Repeat the listing exactly as given, omitting every image.

## Data segment
■ ■ ■ ■
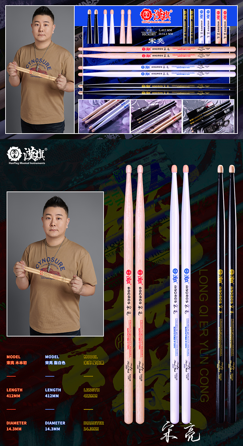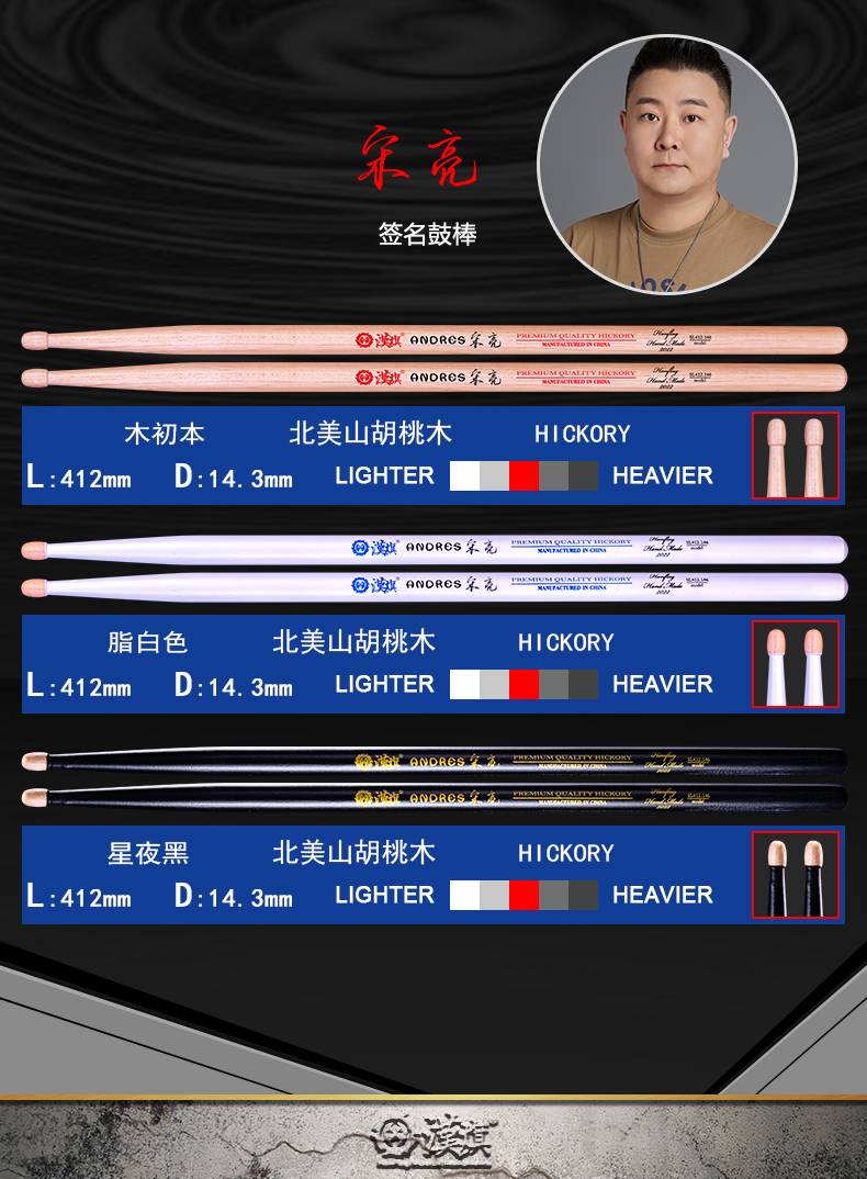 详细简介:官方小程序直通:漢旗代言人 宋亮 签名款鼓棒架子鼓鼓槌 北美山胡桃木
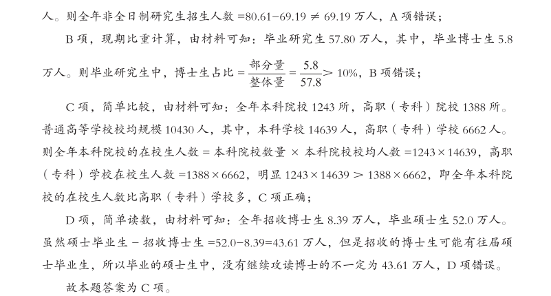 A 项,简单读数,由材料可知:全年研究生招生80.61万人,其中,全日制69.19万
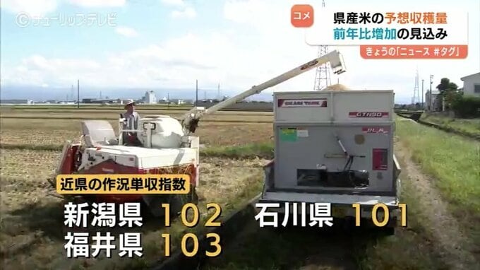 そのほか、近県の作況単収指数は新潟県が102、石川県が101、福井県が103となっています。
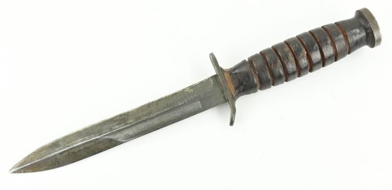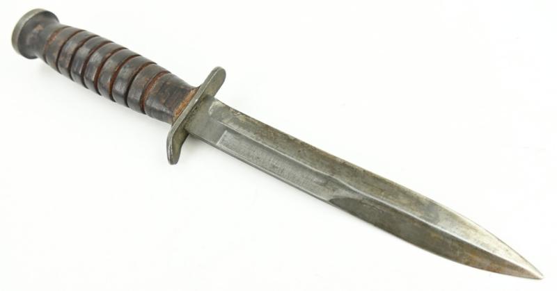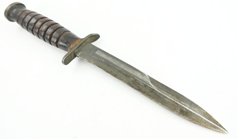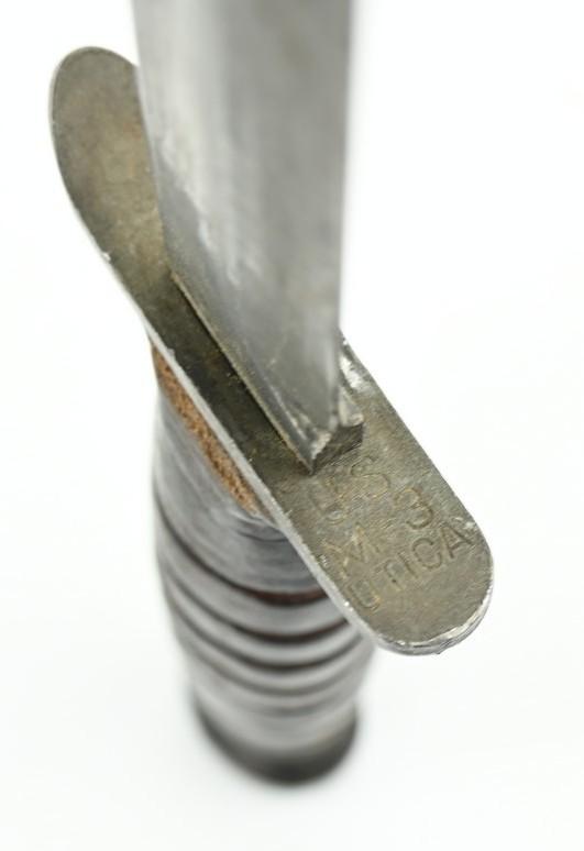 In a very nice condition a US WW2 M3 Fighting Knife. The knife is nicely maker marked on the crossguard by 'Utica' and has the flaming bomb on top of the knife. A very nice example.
■ ■ ■ ■
## Your response
 详细简介:官方小程序直通:漢旗代言人 宋亮 签名款鼓棒架子鼓鼓槌 北美山胡桃木
 A 项,简单读数,由材料可知:全年研究生招生80.61万人,其中,全日制69.19万
 そのほか、近県の作況単収指数は新潟県が102、石川県が101、福井県が103となっています。
 In a very nice condition a US WW2 M3 Fighting Knife. The knife is nicely maker marked on the crossguard by 'Utica' and has the flaming bomb on top of the knife. A very nice example.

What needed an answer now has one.